▸ **Problem requirements**: Every line below that holds the word "your" counts once; please tally them and give only the total.

▸ **Input for this task**:
--- START ---
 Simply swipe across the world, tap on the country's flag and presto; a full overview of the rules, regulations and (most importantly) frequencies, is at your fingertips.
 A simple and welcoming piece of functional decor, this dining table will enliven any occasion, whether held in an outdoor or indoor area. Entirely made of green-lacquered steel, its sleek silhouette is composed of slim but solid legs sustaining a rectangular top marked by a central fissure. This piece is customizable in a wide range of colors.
--- END ---
--- START ---
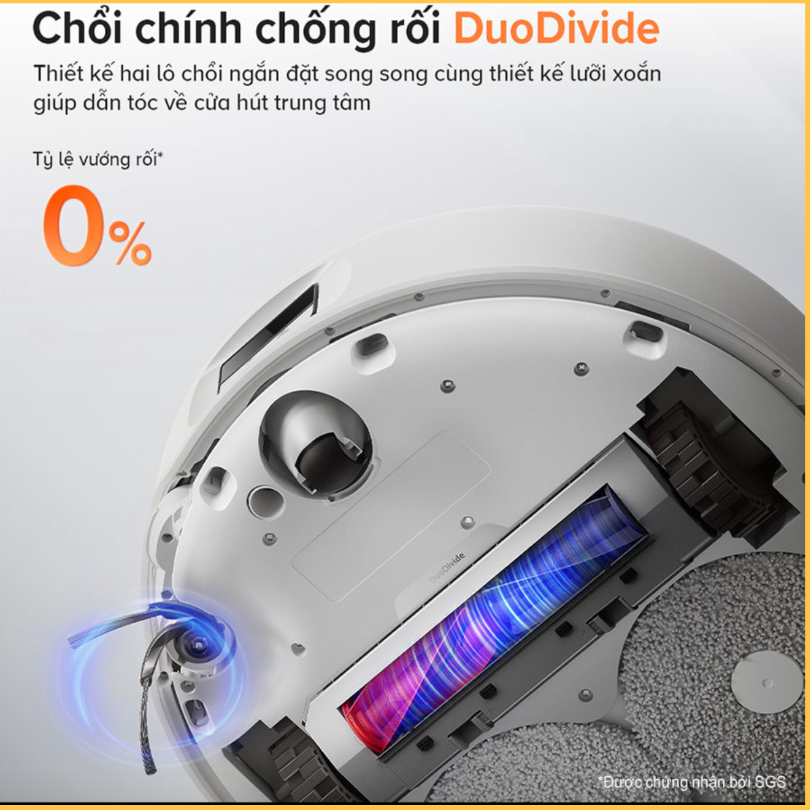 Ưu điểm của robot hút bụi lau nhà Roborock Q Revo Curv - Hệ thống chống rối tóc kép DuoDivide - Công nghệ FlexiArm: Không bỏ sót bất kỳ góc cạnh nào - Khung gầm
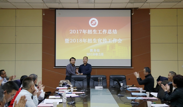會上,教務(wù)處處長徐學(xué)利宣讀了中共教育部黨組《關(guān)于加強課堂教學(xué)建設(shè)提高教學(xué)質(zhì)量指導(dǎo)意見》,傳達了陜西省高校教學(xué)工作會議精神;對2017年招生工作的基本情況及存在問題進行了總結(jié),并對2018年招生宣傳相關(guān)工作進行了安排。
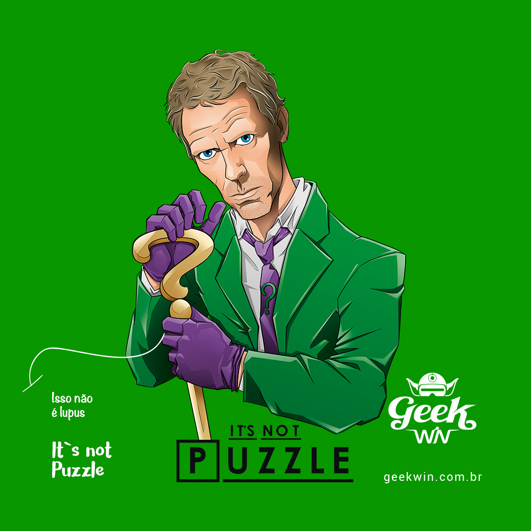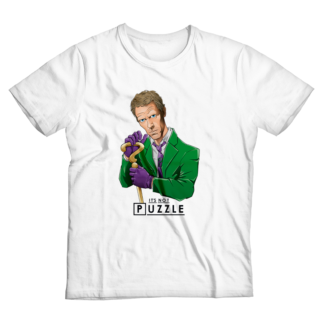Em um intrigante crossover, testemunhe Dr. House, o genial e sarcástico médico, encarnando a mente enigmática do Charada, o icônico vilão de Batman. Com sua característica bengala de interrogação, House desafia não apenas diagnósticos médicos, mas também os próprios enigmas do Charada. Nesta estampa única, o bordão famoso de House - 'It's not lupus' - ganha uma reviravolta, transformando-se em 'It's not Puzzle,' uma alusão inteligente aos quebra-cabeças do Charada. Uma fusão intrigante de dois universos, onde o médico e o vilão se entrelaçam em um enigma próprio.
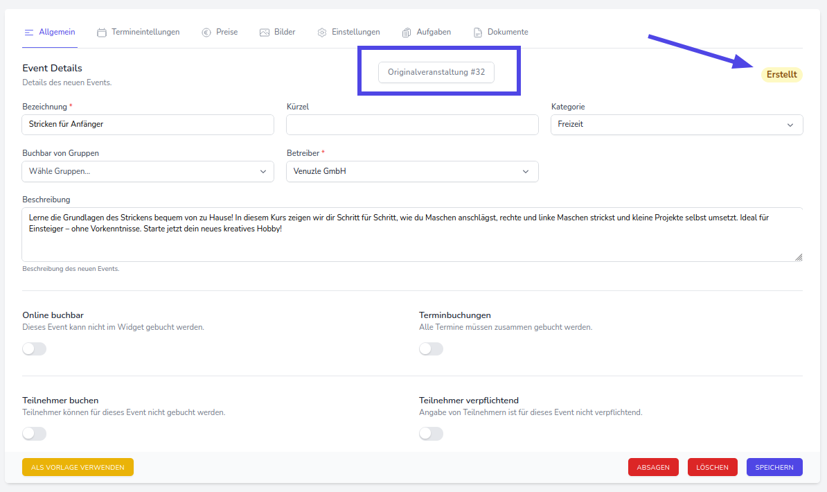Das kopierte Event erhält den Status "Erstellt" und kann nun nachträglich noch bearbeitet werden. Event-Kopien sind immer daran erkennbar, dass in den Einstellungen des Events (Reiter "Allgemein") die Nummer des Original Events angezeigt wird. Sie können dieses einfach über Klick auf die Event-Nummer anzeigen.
--- END ---
--- START ---
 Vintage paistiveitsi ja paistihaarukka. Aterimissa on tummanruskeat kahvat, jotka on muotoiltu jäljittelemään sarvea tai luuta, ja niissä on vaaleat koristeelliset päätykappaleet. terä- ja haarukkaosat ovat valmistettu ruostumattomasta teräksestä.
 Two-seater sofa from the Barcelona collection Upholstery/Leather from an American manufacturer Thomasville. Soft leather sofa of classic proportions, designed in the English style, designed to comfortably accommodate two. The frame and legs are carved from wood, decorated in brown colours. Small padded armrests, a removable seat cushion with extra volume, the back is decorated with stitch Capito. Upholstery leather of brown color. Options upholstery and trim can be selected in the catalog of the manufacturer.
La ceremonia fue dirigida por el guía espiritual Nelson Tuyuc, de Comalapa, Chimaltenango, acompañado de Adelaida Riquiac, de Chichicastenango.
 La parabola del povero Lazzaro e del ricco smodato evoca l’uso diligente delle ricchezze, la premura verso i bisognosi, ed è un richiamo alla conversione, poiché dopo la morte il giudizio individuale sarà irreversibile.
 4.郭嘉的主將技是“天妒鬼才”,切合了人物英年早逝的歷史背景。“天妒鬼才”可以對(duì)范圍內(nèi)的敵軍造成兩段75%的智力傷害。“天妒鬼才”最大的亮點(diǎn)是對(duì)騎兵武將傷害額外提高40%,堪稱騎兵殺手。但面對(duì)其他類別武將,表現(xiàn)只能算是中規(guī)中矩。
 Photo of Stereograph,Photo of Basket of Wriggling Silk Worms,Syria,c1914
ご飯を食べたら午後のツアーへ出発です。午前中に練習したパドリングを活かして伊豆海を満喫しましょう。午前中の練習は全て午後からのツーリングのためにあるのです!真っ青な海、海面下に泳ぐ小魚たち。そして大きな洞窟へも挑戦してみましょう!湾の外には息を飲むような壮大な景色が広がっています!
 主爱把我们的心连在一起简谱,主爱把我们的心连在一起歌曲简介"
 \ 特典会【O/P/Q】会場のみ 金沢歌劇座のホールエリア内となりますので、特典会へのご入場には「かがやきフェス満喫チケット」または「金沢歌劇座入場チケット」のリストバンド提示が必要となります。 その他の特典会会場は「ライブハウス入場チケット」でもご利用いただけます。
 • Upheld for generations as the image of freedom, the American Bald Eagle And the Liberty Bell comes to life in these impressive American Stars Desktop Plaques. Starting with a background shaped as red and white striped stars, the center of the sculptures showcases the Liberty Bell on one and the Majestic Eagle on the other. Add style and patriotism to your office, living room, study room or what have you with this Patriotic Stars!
--- END ---
▸ **Answer to this problem**: 2